ENTRIES PROVIDED:
Content starts
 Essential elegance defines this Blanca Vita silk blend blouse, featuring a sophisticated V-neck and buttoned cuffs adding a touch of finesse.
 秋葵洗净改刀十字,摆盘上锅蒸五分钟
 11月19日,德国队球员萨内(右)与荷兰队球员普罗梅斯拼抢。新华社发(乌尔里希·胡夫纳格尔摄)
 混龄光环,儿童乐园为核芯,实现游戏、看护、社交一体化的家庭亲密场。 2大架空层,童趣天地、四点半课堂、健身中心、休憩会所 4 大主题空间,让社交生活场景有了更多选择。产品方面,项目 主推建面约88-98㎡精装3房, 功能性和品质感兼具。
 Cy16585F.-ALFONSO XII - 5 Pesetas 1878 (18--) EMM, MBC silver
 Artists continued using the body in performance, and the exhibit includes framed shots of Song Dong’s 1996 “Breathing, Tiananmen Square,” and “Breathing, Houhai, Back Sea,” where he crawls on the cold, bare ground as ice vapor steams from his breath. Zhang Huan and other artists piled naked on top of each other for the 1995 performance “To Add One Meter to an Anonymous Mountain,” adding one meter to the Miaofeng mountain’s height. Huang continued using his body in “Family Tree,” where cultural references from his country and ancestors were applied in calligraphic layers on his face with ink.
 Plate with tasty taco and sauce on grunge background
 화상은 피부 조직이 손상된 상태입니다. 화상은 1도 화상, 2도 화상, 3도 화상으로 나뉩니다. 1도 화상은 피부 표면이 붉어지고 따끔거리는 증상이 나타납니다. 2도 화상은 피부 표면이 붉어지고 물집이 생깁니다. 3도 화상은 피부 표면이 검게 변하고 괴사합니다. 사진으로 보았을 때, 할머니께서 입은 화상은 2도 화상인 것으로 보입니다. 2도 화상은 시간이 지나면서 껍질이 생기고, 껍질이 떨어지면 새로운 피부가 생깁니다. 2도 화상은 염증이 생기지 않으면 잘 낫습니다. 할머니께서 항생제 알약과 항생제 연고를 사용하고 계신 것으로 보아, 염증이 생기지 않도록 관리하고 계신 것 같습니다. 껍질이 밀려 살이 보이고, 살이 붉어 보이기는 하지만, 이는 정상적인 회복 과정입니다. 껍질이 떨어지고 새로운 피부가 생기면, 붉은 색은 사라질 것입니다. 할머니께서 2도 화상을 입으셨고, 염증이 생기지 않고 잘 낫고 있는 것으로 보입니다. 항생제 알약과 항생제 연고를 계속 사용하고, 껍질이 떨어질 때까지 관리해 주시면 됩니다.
Content ends
Content starts
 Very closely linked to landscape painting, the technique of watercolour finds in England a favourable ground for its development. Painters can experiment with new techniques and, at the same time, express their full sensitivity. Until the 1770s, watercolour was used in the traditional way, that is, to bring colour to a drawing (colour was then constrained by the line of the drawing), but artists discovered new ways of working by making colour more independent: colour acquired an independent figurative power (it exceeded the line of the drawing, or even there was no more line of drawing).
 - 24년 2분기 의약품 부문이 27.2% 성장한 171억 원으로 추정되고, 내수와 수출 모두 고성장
Content ends
INSTRUCTIONS FOR THE TASK:
The lines you need are those containing "adding"; find them in the records and copy them.

RESULT OF THE TASK:
 Essential elegance defines this Blanca Vita silk blend blouse, featuring a sophisticated V-neck and buttoned cuffs adding a touch of finesse.
 Artists continued using the body in performance, and the exhibit includes framed shots of Song Dong’s 1996 “Breathing, Tiananmen Square,” and “Breathing, Houhai, Back Sea,” where he crawls on the cold, bare ground as ice vapor steams from his breath. Zhang Huan and other artists piled naked on top of each other for the 1995 performance “To Add One Meter to an Anonymous Mountain,” adding one meter to the Miaofeng mountain’s height. Huang continued using his body in “Family Tree,” where cultural references from his country and ancestors were applied in calligraphic layers on his face with ink.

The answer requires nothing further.